Inter-Group Agreement: Fleiss’ Kappa statistic was used to assess the level of agreement between different diagnostic methods or reader groups (e.g., junior-unassisted vs. senior-unassisted; junior-assisted vs. senior-assisted).

Diagnostic Performance Analysis: The primary analysis of diagnostic accuracy was conducted using Receiver Operating Characteristic (ROC) curves. For each of the four conditions (Junior-Unassisted, Junior-Assisted, Senior-Unassisted, Senior-Assisted), sensitivity, specificity, positive predictive value (PPV), negative predictive value (NPV), and overall accuracy were calculated based on the binary diagnoses. The Area Under the Curve (AUC) was calculated as the main metric of diagnostic performance. The statistical significance of the difference between the AUCs of paired data (e.g., Junior-Unassisted vs. Junior-Assisted) was determined using the DeLong test. Youden’s index (J = Sensitivity + Specificity - 1) was also calculated to identify the optimal balance of sensitivity and specificity.

3 Results

3.1 Patient and lesion characteristics

As detailed in Table 1. The final cohort consisted of 62 male patients with a mean age of 68.4 ± 11.2 years (range: 43 to 90 years). The mean total PSA level was 21.5 ± 28.9 ng/ml (range: 2.99 to 153.94 ng/ml). Histopathological analysis of the 12-core biopsy specimens confirmed prostate cancer in 11 of the 62 patients (17.7%) and benign findings (e.g., BPH, prostatitis, atrophy) in the remaining 51 patients (82.3%).

Table 1

Table 1. Baseline data of patients.

When classified by the TIC parametric imaging discreteness system, there were 38 (61.3%) Type 1 cases, 12 (19.4%) Type 2 cases, 6 (9.7%) Type 3 cases, and 5 (8.1%) Type 4 cases.

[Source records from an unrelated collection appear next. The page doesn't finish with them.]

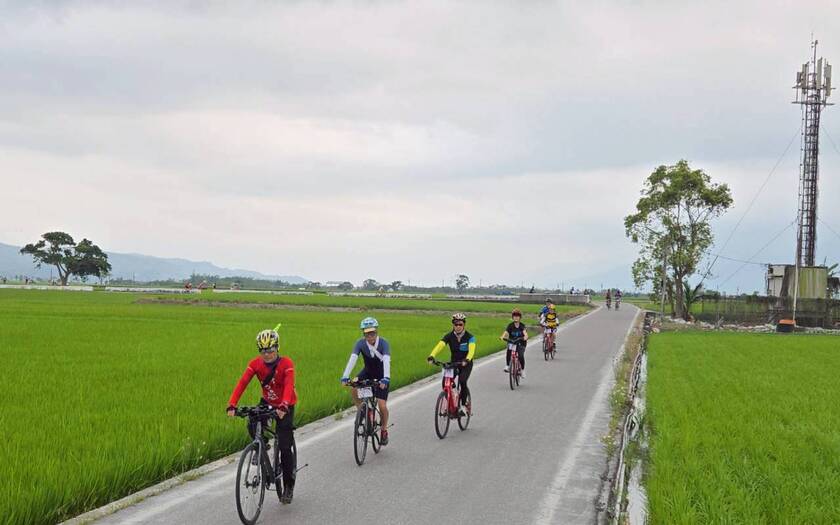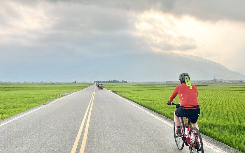 再往前騎抵池上大坡池,湖面平靜如鏡,倒映著藍天與遠山。這裡的水,滋養著整片縱谷,也孕育出聞名的池上米。
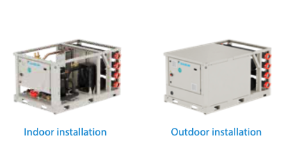 Die Module können sowohl im Gebäudeinneren – und bei Auswahl der Konfiguration „Reduzierter Schallpegel“ – als auch im Freien installiert werden. In der neuen Baureihe EW(W)(H)(L)T-Q A finden sich tatsächlich zwei unterschiedliche Schallschutzkonfigurationen, damit diese Geräte auch für Anwendungen mit strengeren Vorgaben zum Schallschutz, wie Wohngegenden, Hotels und Krankenhäuser, genutzt werden können.
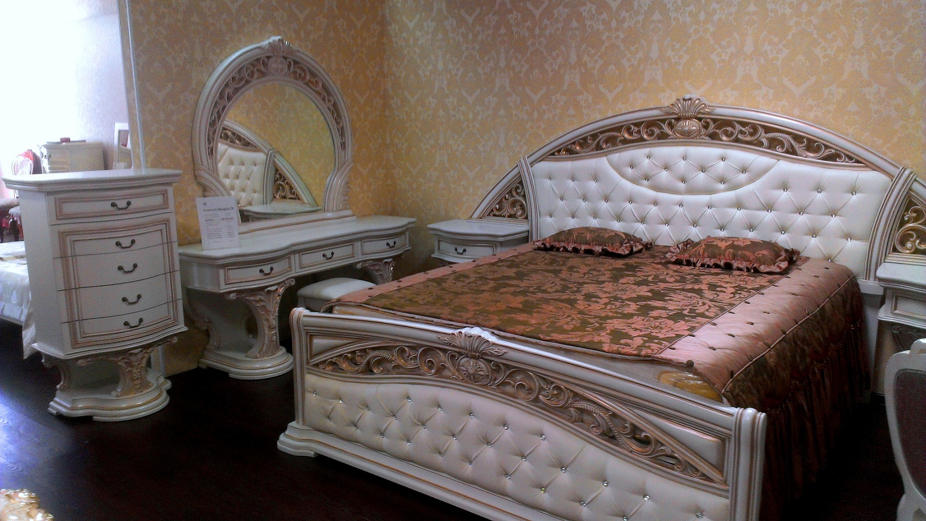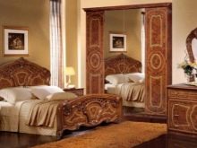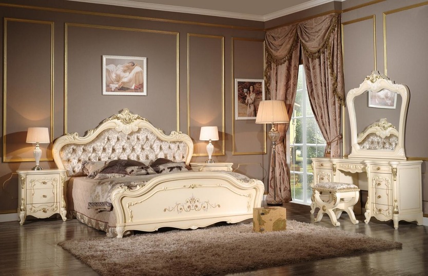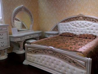 - "Daniella" - Schlafzimmerset vom chinesischen Hersteller "Avanti". Die sanft beige Farbe des Schlafzimmers wird harmonisch mit einem zurückhaltenden klassischen Finish aussehen. Die Suite selbst besteht aus einem doppelt gemusterten Bett, zwei Nachttischen und einem Schminktisch mit einem großen Spiegel, der in einem gemusterten Rahmen steht. Solche Möbel können die Individualität des Raumes unterstreichen und mit Komfort erfüllen.
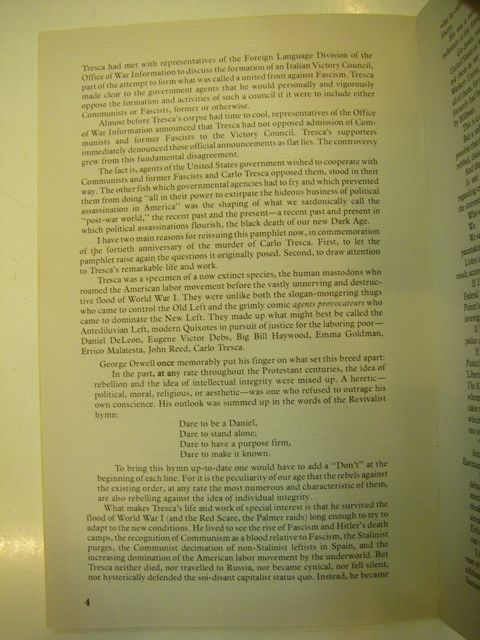 I have two main reasons for reissuing this pamphlet now, in commemoration of the fortieth anniversary of the murder of Carlo Tresca. First, to let the pamphlet raise again the questions it originally posed. Second, to draw attention to Tresca's remarkable life and work.
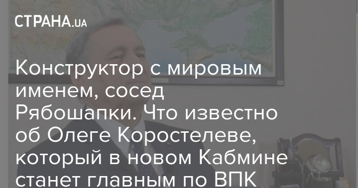 Вице-премьером по промышленности и ВПК предложили назначить Олега Коростелева - 70-летнего главу Конструкторского бюро "Луч", которое производит современное оружие и входит в состав госконцерна "Укроборонпрома".
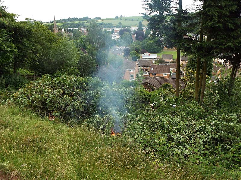 On Monday, two of TrunkArb'a finest returned, I assisted by accepting offcuts and trunk pieces in the field as the last Leylandii was dismantled. The fire needed only a small amount of my store of dried firewood to get going and by the time they finished three hours later, all the trash had already been burned. Three hours later there was very little left of the trunk pieces. They've all gone now and in a few weeks time the grass and brambles will have reclaimed the burnt area.
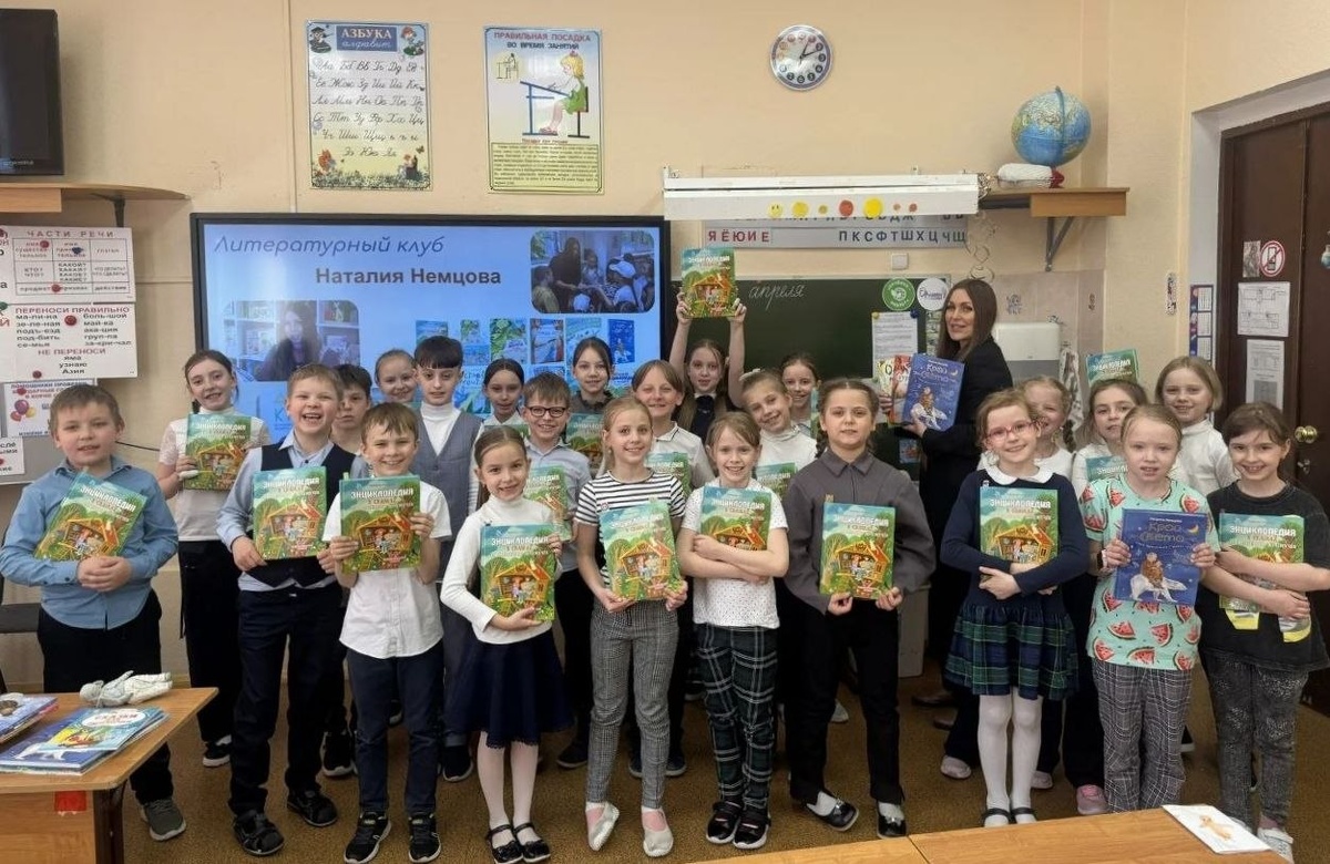 Наталией Немцовой, которую пригласила Лариса Евгеньевна Казакова, библиотекарь 1571. 💡 Как призналась Лариса Евгеньевна, узнала о возможности пригласить писателя в чате библиотек Москвы и попытала удачу. ☝️ Наталия Немцова – член Союза детских и юношеских писателей, сценарист радио и телевидения, автор более 60 книг для детей, а также тысяч сценариев передач и спектаклей. Среди ее работ 🫱 любимые всеми «Приключения Веснушки и Кипятоши», передачи «Ералаш», «Спокойной ночи, малыши», «Азбука путешествий», «Уроки любопытства» и многое другое. 🗣️ «Дети были в восторге от живого общения с настоящим писателем! Они задавали множество интересных вопросов: 📝 Как приходят идеи для новых книг? 📝 Откуда берутся герои и их приключения? 📝 Что больше нравится: писать книги или сценарии для кино? 📝 Как можно понять, что история хорошая и ее можно публиковать? 📝 Какая из ее книг самая любимая?» – рассказала Лариса Евгеньевна Казакова, библиотекарь 1571. ✨ День у школьников получился особенны
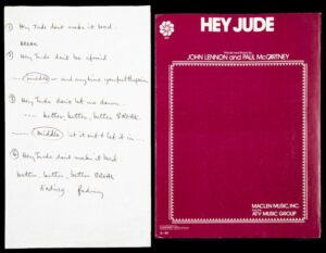 O manuscrito do clássico dos Beatles “Hey Jude”, uma composição de Paul McCartney de 1968, foi vendido por US$ 910
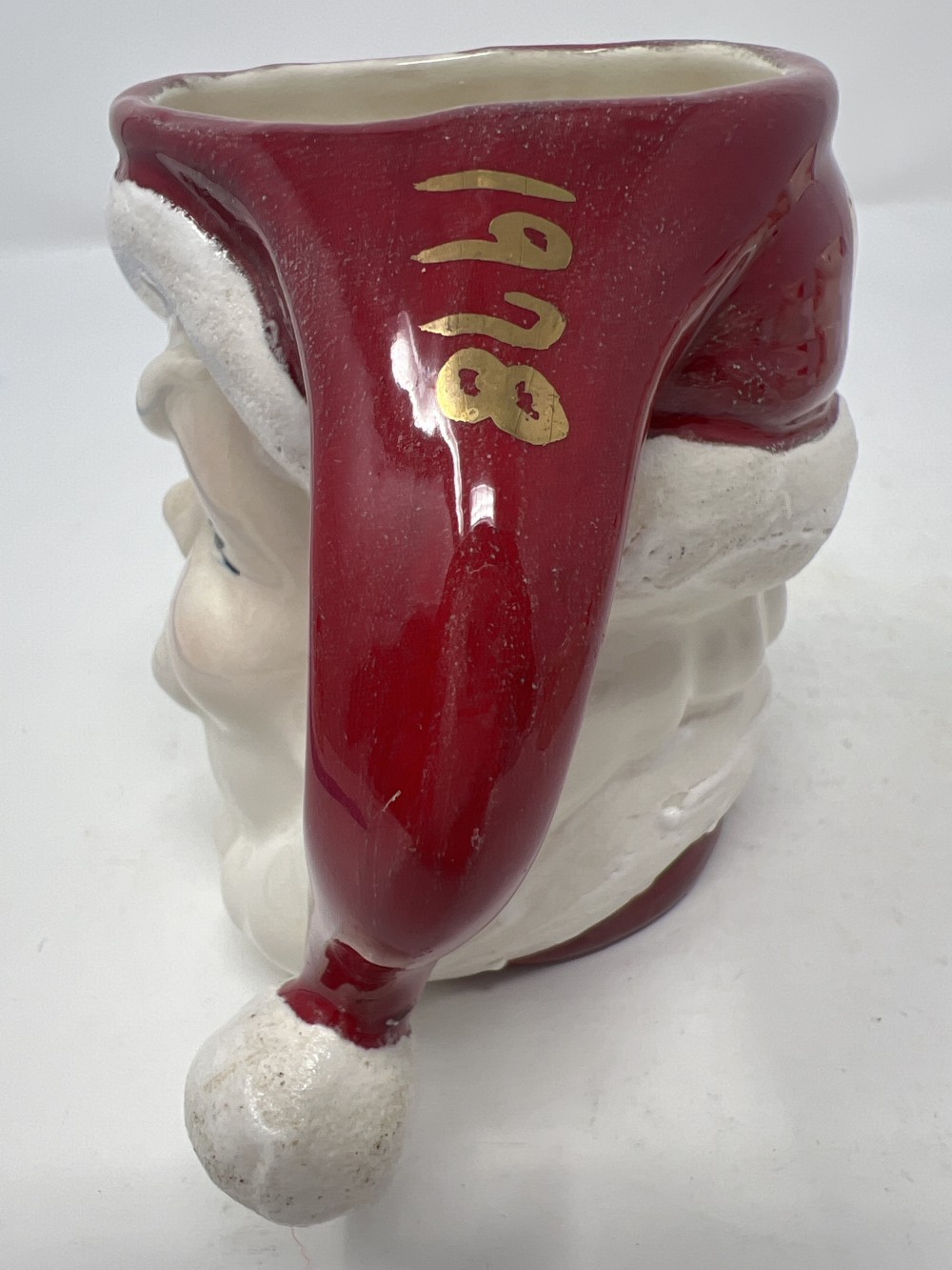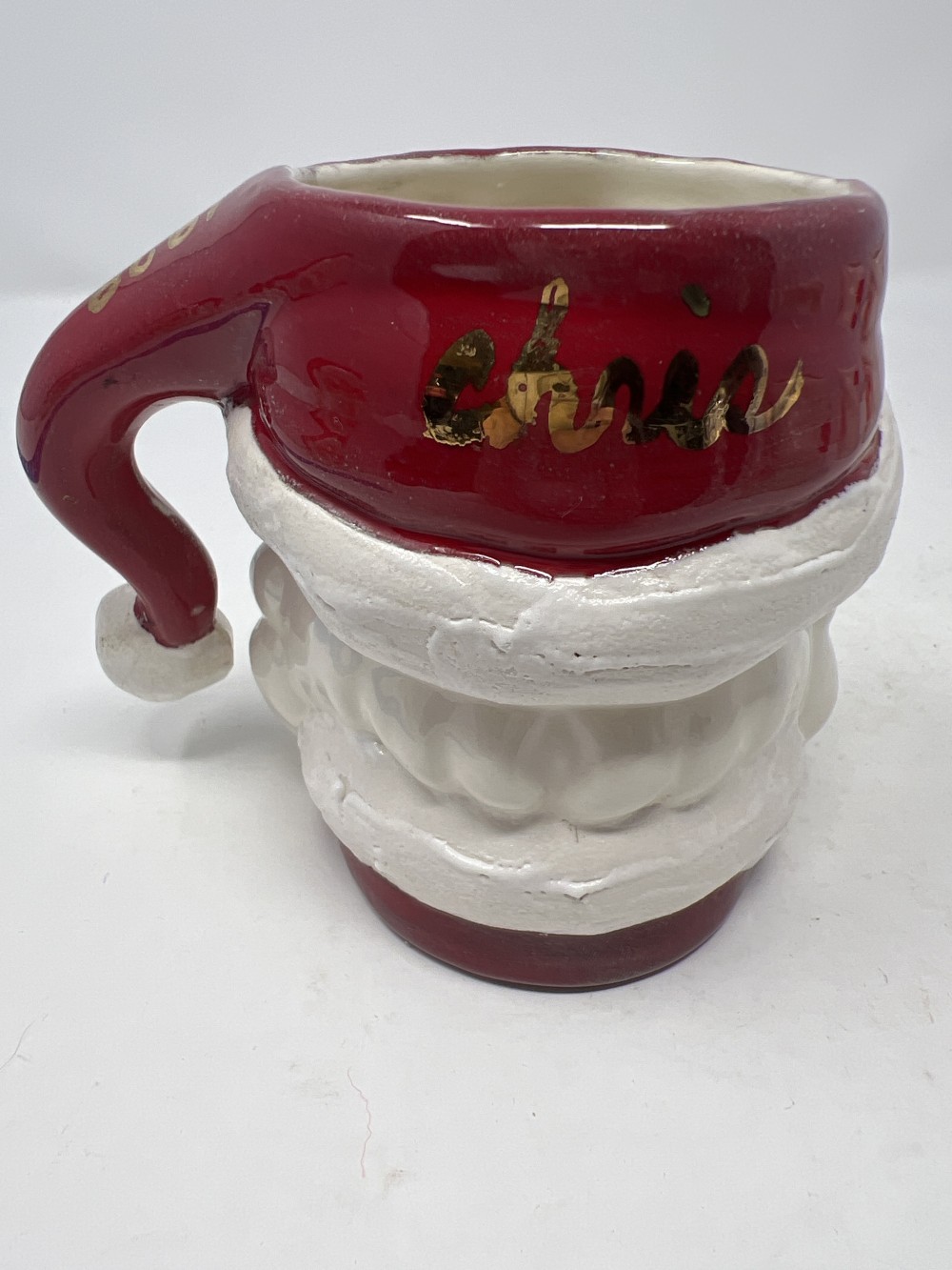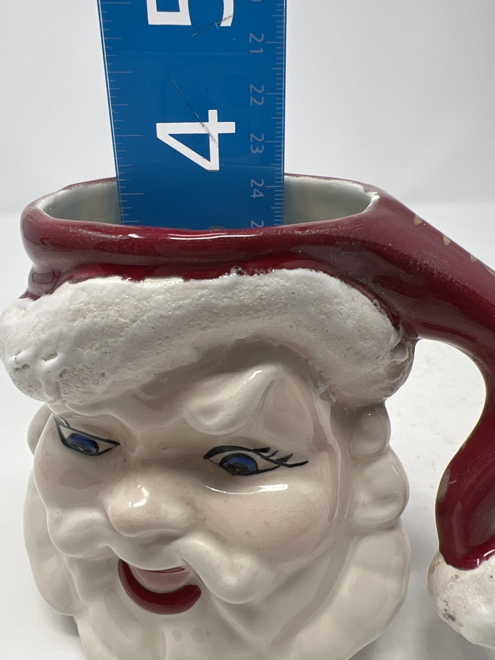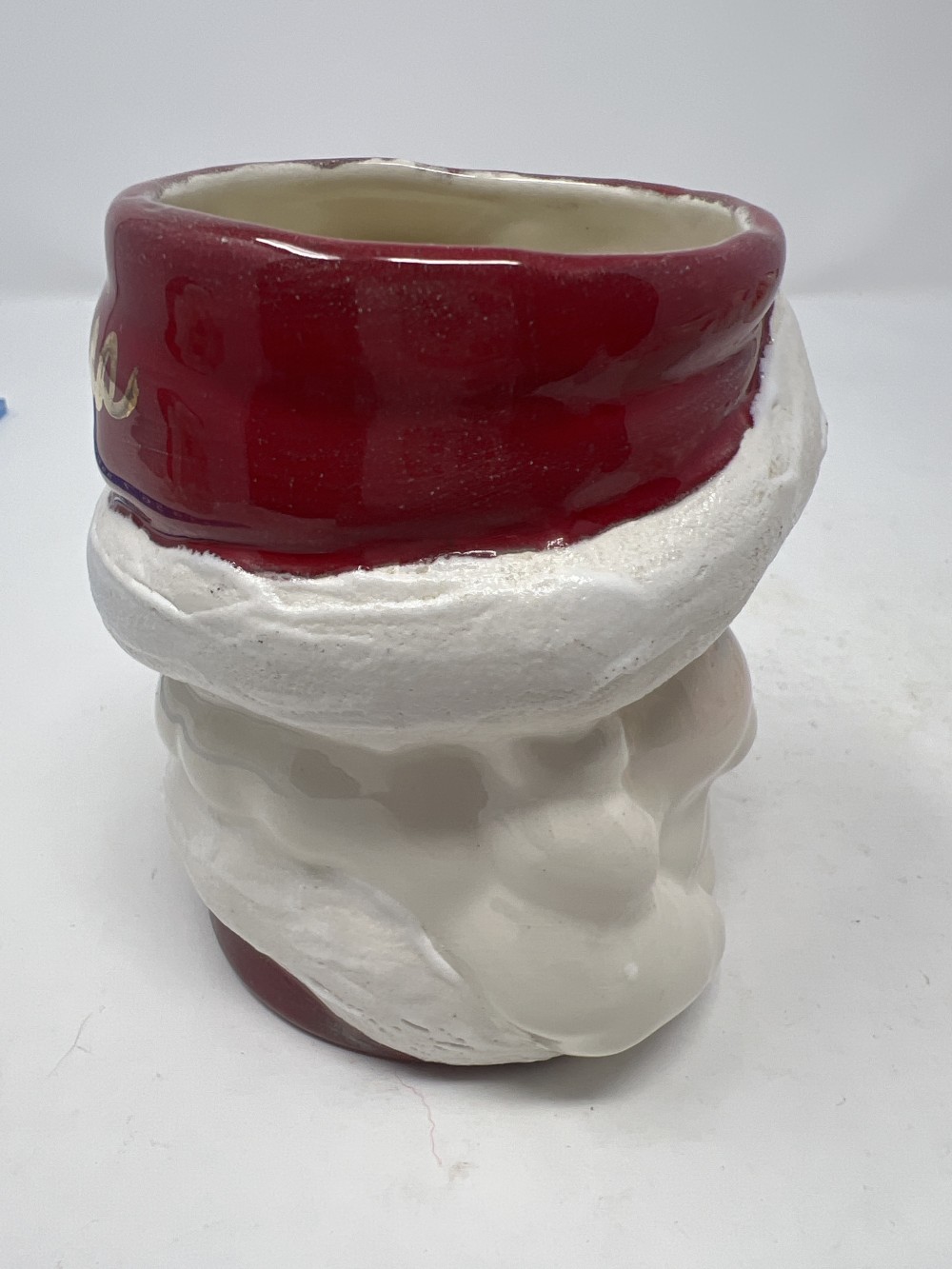 Vtg Mid Century Ceramic Santa Mug Hand Painted; approx 3.75” tall; vintage condition; 1978

3.2 Discreteness classification and correlation with malignancy

As detailed in Figure 3, A strong positive association was observed between the perfusion discreteness classification and the likelihood of malignancy. Of the 11 cancer cases, 9 (81.8%) were classified as either Type 3 or Type 4. Conversely, of the 51 benign cases, 46 (90.2%) were classified as Type 1 or Type 2. The Cochran-Armitage test for trend confirmed a highly significant trend (Z = 5.5578, p < 0.001), indicating that as the spatial heterogeneity of perfusion (discreteness grade) increases, the probability of a malignant diagnosis rises monotonically.

Figure 3

Figure 3. Stacked bar chart of the ratio of benign to malignant with changes in grading.

3.3 Improvement in diagnostic consistency

The introduction of TIC parametric maps led to a marked improvement in inter-rater reliability for both physician groups. As detailed in Table 2, the intra-group ICC for the four junior physicians, which was already in the “good” range at 0.832 (95% CI: 0.742-0.902) for conventional diagnosis, rose significantly to an “excellent” 0.915 (95% CI: 0.873-0.948) with TIC assistance. This suggests that the objective nature of the parametric map helped standardize their interpretations. For the senior physicians, who already exhibited excellent baseline consistency (ICC = 0.878; 95% CI: 0.802-0.933), the addition of the TIC map further consolidated their agreement, pushing the ICC to a near-perfect 0.941 (95% CI: 0.906-0.966).

Table 2

Table 2. Intra-group consistency analysis.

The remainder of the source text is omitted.